11. This Agreement may be executed in any number of counterparts, including counterparts transmitted by facsimile or portable document format (pdf), any one of which shall constitute an original of this Contract. When counterparts, facsimile or pdf copies have been executed by all parties, they shall have the same effect as if the signatures to each counterpart or copy were upon the same documents and copies of such documents shall be deemed valid as originals.
[SIGNATURE PAGE FOLLOWS THIS PAGE]
IN WITNESS WHEREOF, the parties have executed this Agreement as of the day and year first above written.
FAE HOLDINGS 411519R, LLC a New York limited liability company
By: /s/ Martin J. Teitelbaum Name: Martin J. Teitelbaum Title: Manager | |
HSBC BANK USA, NATIONAL ASSOCIATION, a national banking association
By: /s/ Jose L. Won Name: Jose L. Won Title: Vice President | |
State of New York )
County of Suffolk ) ss.:
On the ___ day of August in the year 2019 before me, the undersigned, personally appeared Martin J. Teitelbaum, personally known to me or proved to me on the basis of satisfactory evidence to be the individual whose name is subscribed to the within instrument, and acknowledged to me that he/she/they executed the same in his/her/their capacity, and that by his/her/their signature on the instrument, the individual, or the person upon behalf of which the individual acted, executed the instrument.

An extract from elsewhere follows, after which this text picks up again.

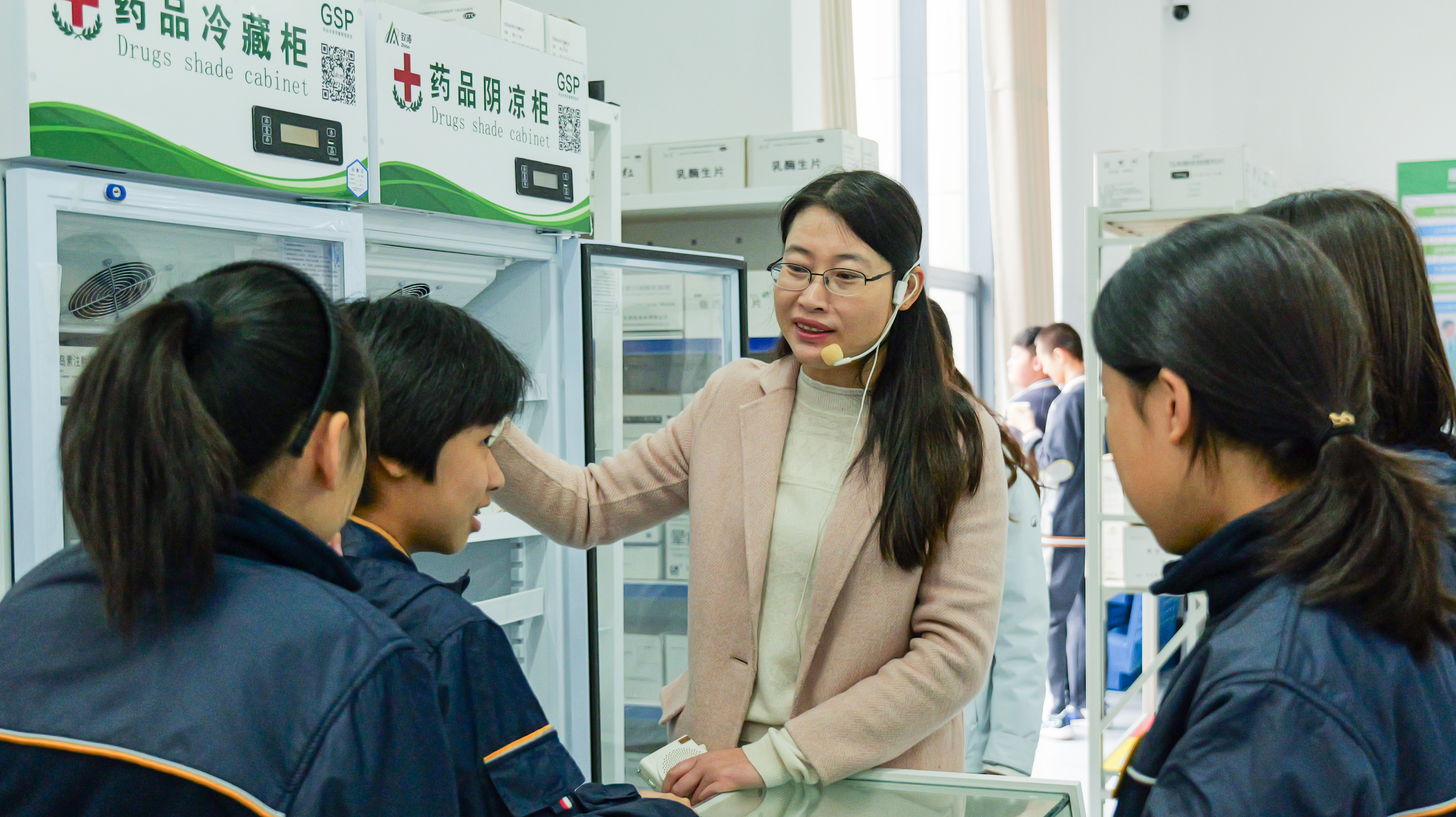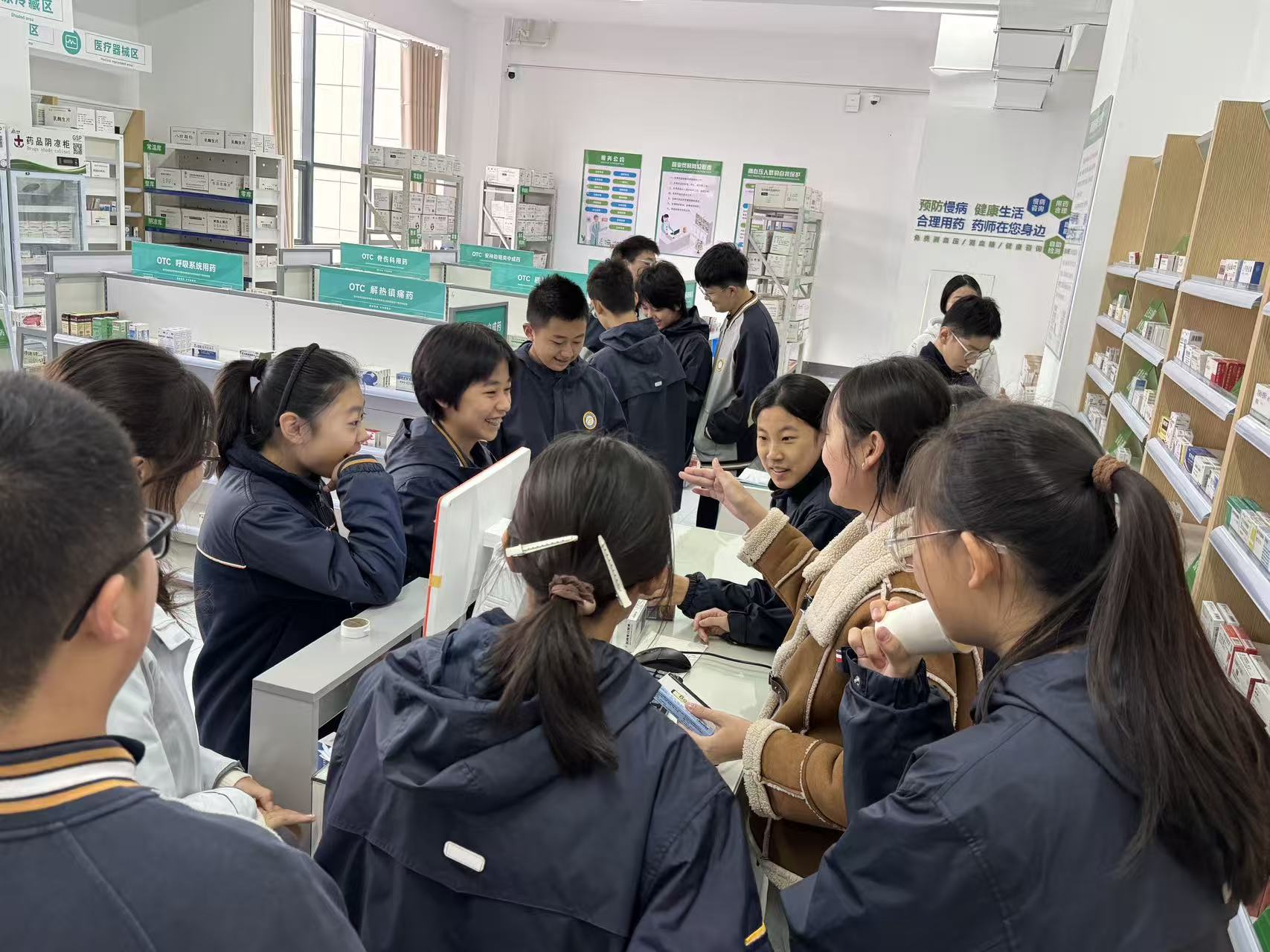 在模拟药房区域,研学活动进入了互动高潮。同学们化身“小小药剂师”,亲身体验了从审方、调配到扫码“卖药”的全流程。这套高度仿真的实践操作,让课本上枯燥的理论知识瞬间变得生动可感。同学们在“玩”中学,在学中“做”,不仅了解了药品管理的严谨性,更对药学工作者的职业内涵有了初步的认知。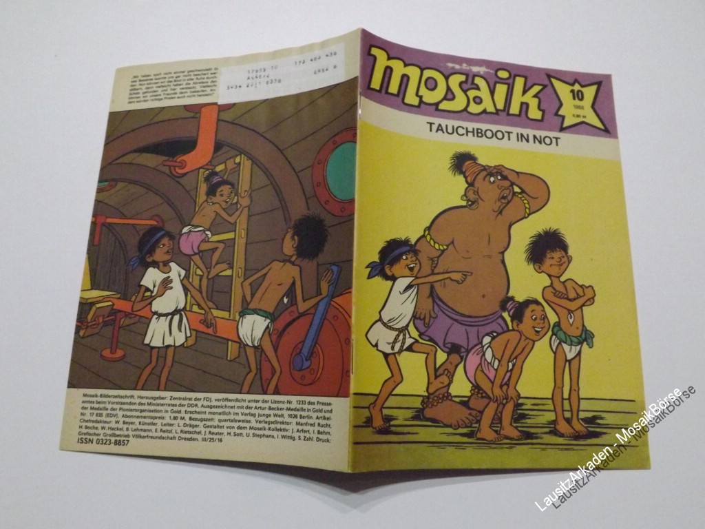 Liebe Mosaikfreunde,wir verkaufen hier das original MosaikHeft 10 von 1988 - Tauchboot in NotArtikelnummer : 25000341in Zustand : 1.6 / Z3 Bitte beachten Sie unsere Informationen zur Bewertung der Hefte !DeckblattAbostempel : 2 = jaPapier : 3 = Starke altersbedingte Papierverfärbungen durch Lic ...Weiterlesen

________________________________________
Notary Public
State of New York )
County of ) ss.:
On the ___ day of August in the year 2019 before me, the undersigned, personally appeared Jose L. Won, personally known to me or proved to me on the basis of satisfactory evidence to be the individual whose name is subscribed to the within instrument, and acknowledged to me that he/she/they executed the same in his/her/their capacity, and that by his/her/their signature on the instrument, the individual, or the person upon behalf of which the individual acted, executed the instrument.